▶ [ACTION ITEM]: Set down the whole listing below exactly, without pictures.

▶ [DATA TO EXAMINE]:
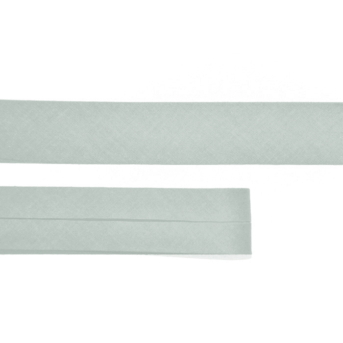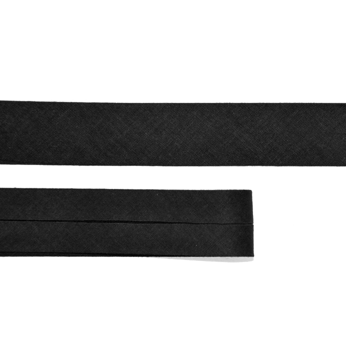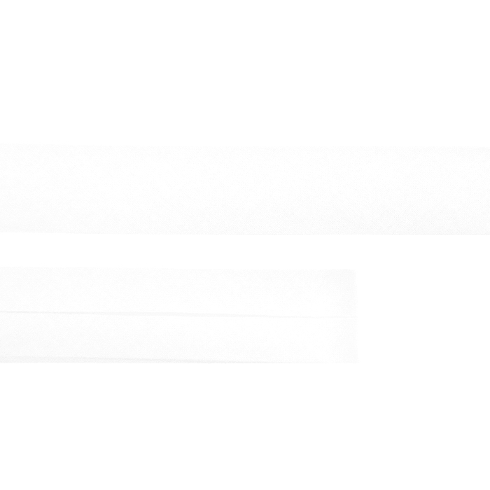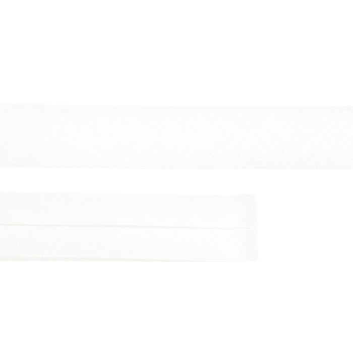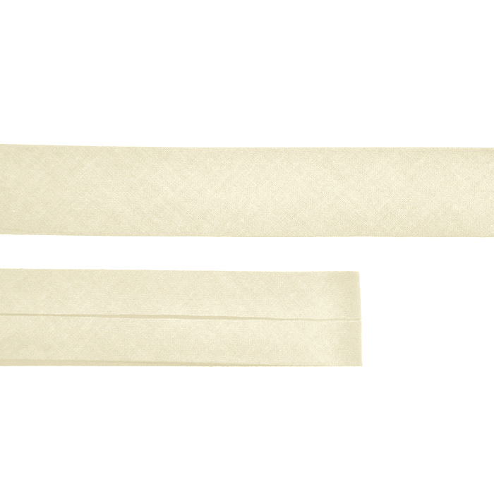 Baumwollschrägband mit einer Breite von 50 mm in geöffnetem Zustand bzw. 25 mm Endbreite am Rand des Produkts. Die Falten reichen bis zur Mitte. Es wird vor allem zum Einfassen von Produkten aus Baumwolle und anderen Naturfasern verwendet.
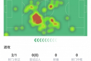 进1球、射门2次射正1次、丢失球权19次、预期进球0.8
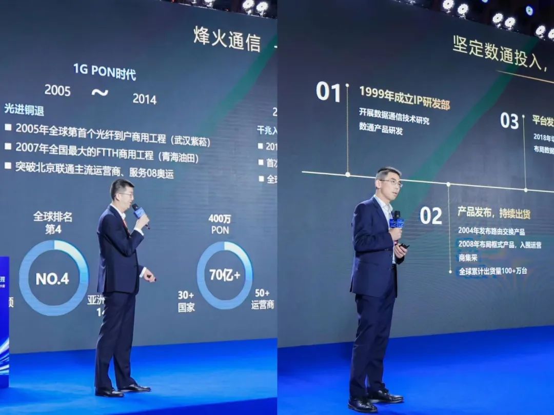 近年來,烽火通信發(fā)力分銷市場(chǎng),在產(chǎn)品端組建專業(yè)研發(fā)團(tuán)隊(duì),匠心打造適銷產(chǎn)品。大會(huì)上,烽火通信寬帶產(chǎn)品線總監(jiān)羅文毅代表烽火首次發(fā)布Easy FTTO政企全光方案,聚焦小微場(chǎng)景,為行業(yè)市場(chǎng)提供極致性價(jià)比的產(chǎn)品組合。烽火通信數(shù)通產(chǎn)品線總監(jiān)金家徳則為合作伙伴帶來數(shù)通新產(chǎn)品系列,產(chǎn)品家族覆蓋了園區(qū)網(wǎng)絡(luò)的各層需求。
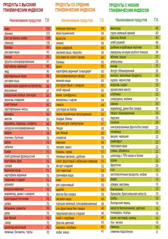 Ниже приведу таблицы продуктов с низким, высоким и средним ГИ. Сама буду употреблять в пищу на протяжении магафона углеводы с низким ГИ.
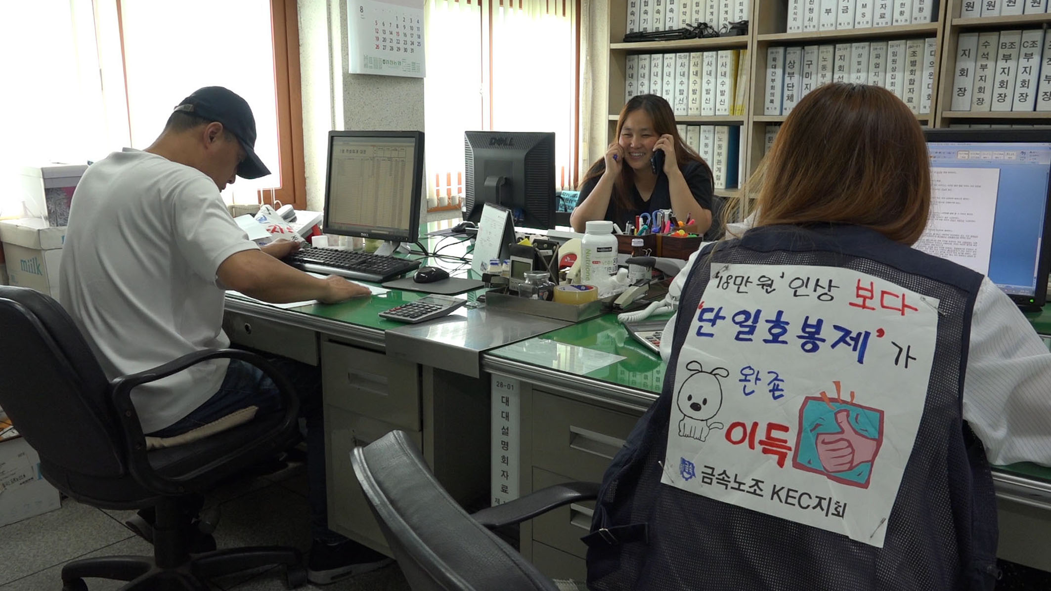 이렇게 노조의 밝은(?) 모습에 주목한 결과 이 영화는 노동조합을 미화한 것 아니냐는 이야기를 듣기도 하는 것 같지만, 내가 느낄 때 영화는 오히려 노동조합이 처한 현실을 그대로 보여주는 편이다. 소수노조인 KEC지회는 임단협 체결을 위해 8년 만에 제2노조와의 교섭창구 단일화에 참여하기로 결정하는데, 이를 논의하는 노동조합의 회의에서 배태선 교육국장에게 한 간부가 질문을 한다. 현장 조합원들이 최종적으로 임단협 안을 결정하는 투표에 참여할 수 있는 건지 궁금해한다고. 배태선 국장은 교섭대표 노조가 갖는 공정대표의무가 있음을 들어 승산이 있음을 설명하지만, 영화 말미에서 결국 교섭대표 노조인 제2노조는 전체 조합원들이 투표를 통해 부결까지 시킨 안으로 회사와 협상한다. 영화는 누구보다 열심히 노력했지만 교섭권이 없는 소수노조로서 결정적인 힘을 발휘할 수 없었다는 결과를 감추지 않으면서 인터뷰나 내레이션을 통해 상황을 평가하지도 않는다.

▶ [WRITTEN REPLY]:
 Baumwollschrägband mit einer Breite von 50 mm in geöffnetem Zustand bzw. 25 mm Endbreite am Rand des Produkts. Die Falten reichen bis zur Mitte. Es wird vor allem zum Einfassen von Produkten aus Baumwolle und anderen Naturfasern verwendet.
 进1球、射门2次射正1次、丢失球权19次、预期进球0.8
 近年來,烽火通信發(fā)力分銷市場(chǎng),在產(chǎn)品端組建專業(yè)研發(fā)團(tuán)隊(duì),匠心打造適銷產(chǎn)品。大會(huì)上,烽火通信寬帶產(chǎn)品線總監(jiān)羅文毅代表烽火首次發(fā)布Easy FTTO政企全光方案,聚焦小微場(chǎng)景,為行業(yè)市場(chǎng)提供極致性價(jià)比的產(chǎn)品組合。烽火通信數(shù)通產(chǎn)品線總監(jiān)金家徳則為合作伙伴帶來數(shù)通新產(chǎn)品系列,產(chǎn)品家族覆蓋了園區(qū)網(wǎng)絡(luò)的各層需求。
 Ниже приведу таблицы продуктов с низким, высоким и средним ГИ. Сама буду употреблять в пищу на протяжении магафона углеводы с низким ГИ.
 이렇게 노조의 밝은(?) 모습에 주목한 결과 이 영화는 노동조합을 미화한 것 아니냐는 이야기를 듣기도 하는 것 같지만, 내가 느낄 때 영화는 오히려 노동조합이 처한 현실을 그대로 보여주는 편이다. 소수노조인 KEC지회는 임단협 체결을 위해 8년 만에 제2노조와의 교섭창구 단일화에 참여하기로 결정하는데, 이를 논의하는 노동조합의 회의에서 배태선 교육국장에게 한 간부가 질문을 한다. 현장 조합원들이 최종적으로 임단협 안을 결정하는 투표에 참여할 수 있는 건지 궁금해한다고. 배태선 국장은 교섭대표 노조가 갖는 공정대표의무가 있음을 들어 승산이 있음을 설명하지만, 영화 말미에서 결국 교섭대표 노조인 제2노조는 전체 조합원들이 투표를 통해 부결까지 시킨 안으로 회사와 협상한다. 영화는 누구보다 열심히 노력했지만 교섭권이 없는 소수노조로서 결정적인 힘을 발휘할 수 없었다는 결과를 감추지 않으면서 인터뷰나 내레이션을 통해 상황을 평가하지도 않는다.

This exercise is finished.